Building an Autonomous FinOps Agent: My Experiment in Automating Cloud Cost Optimization

How I Built an Intelligent Python Agent to Detect and Eliminate Cloud Waste in Real-Time

How I Built an Intelligent Python Agent to Detect and Eliminate Cloud Waste in Real-Time

TL;DR

In this extensive engineering log, I document my journey building an Autonomous FinOps Agent from scratch using Python. Faced with the ubiquitous problem of "cloud waste"—idle EC2 instances, unattached EBS volumes, and ancient RDS snapshots—I decided to build a self-driving bot to tackle the issue.

By simulating a realistic AWS environment, I developed an agent that:

1. Discovers infrastructure resources autonomously using a mock Boto3 layer.
2. Analyzes usage metrics patterns to identify "zombies" (idle resources).
3. Executes remediation actions like stopping instances or deleting unattached volumes.
4. Reports potential savings in real-time using a terminal dashboard.

This article covers the entire SDLC: from the initial "napkin design" architecture, through the deep-dive implementation of the detection logic, to the final execution and analysis of the results. I've open-sourced the code, and I invite you to join me in this experiment to automate one of the most tedious parts of DevOps: monitoring the bill.

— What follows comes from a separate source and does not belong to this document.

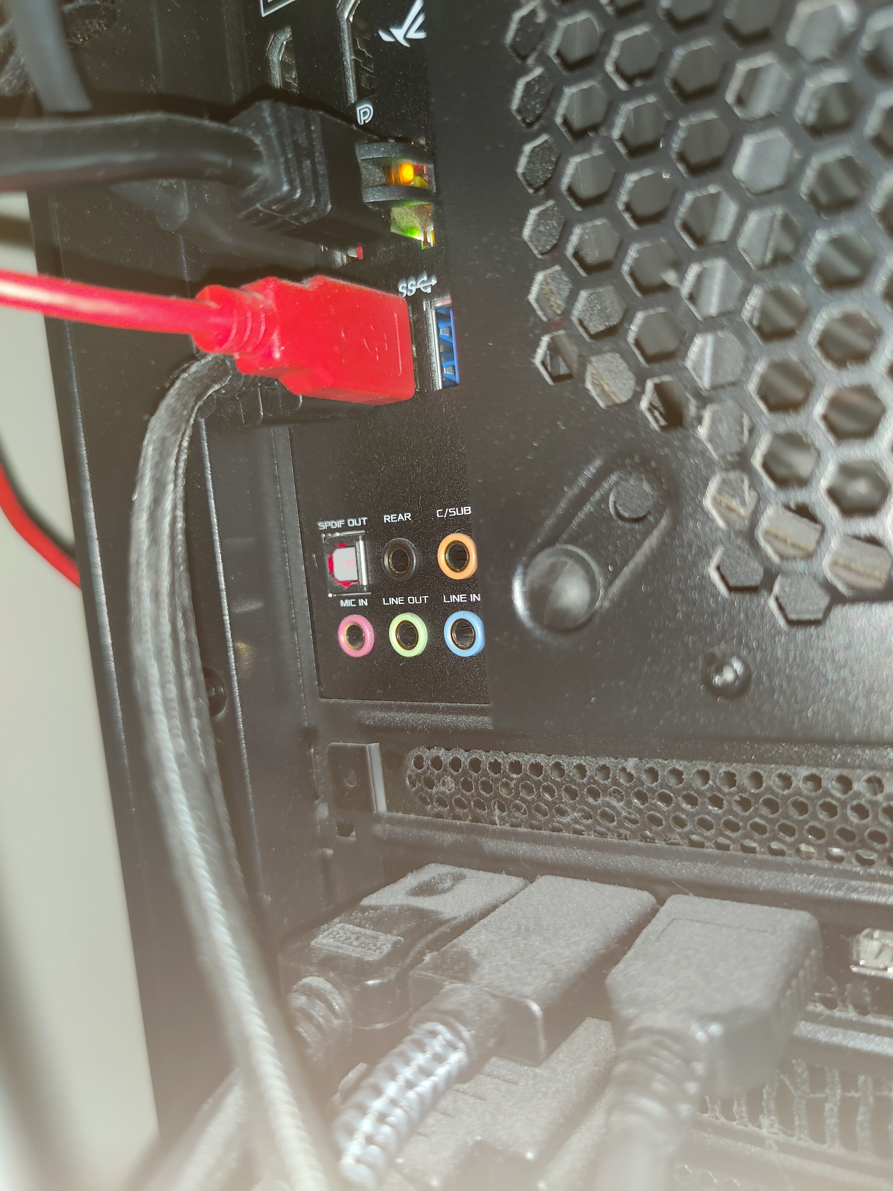 Das Motherboard des PCs ist ein ASUS - ROG Maximus XI Hero (WiFi), dort ist es über AUX verbunden. Ich habe zusätzlich noch ein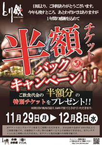 ご飲食代金の半額分を次回使える特別チケットにてプレゼント♪♪

Source Code: https://github.com/aniket-work/autonomous-finops-agent

Introduction

We've all been there. It starts with a simple Slack message: "Hey, can you spin up a t3.large for a quick load test? I'll terminate it in an hour."

Fast forward three weeks. You're reviewing the monthly AWS bill, and there it is—that "15-minute" instance, chugging along, doing absolutely nothing but burning cash. It's not malicious; it's just human nature. In high-velocity engineering teams, the incentive is always to ship. Cleaning up is "future work," and as we all know, tomorrow never comes.

In my experience working with cloud infrastructure, this "waste by default" behavior isn't just a minor annoyance; it's a massive financial drain. Some reports suggest that up to 30% of all cloud spend is wasted. That's billions of dollars annually spent on servers processing zero requests.

I started thinking: Why does a human need to find these idle resources?

If I can define what a "zombie" server looks like—for example, a server with CPU utilization below 5% for 7consecutive days—I should be able to write a program that finds it and kills it. It’s a simple rule-based problem.

That thought process led me to this weekend experiment: The Autonomous FinOps Agent.

I wanted to build something that acts like a specialized team member whose only job is to walk around the virtual data center and turn off the lights in empty rooms. I wanted to move beyond simple "monitoring dashboards" (which just show you the problem) to "autonomous agents" (which actually fix the problem).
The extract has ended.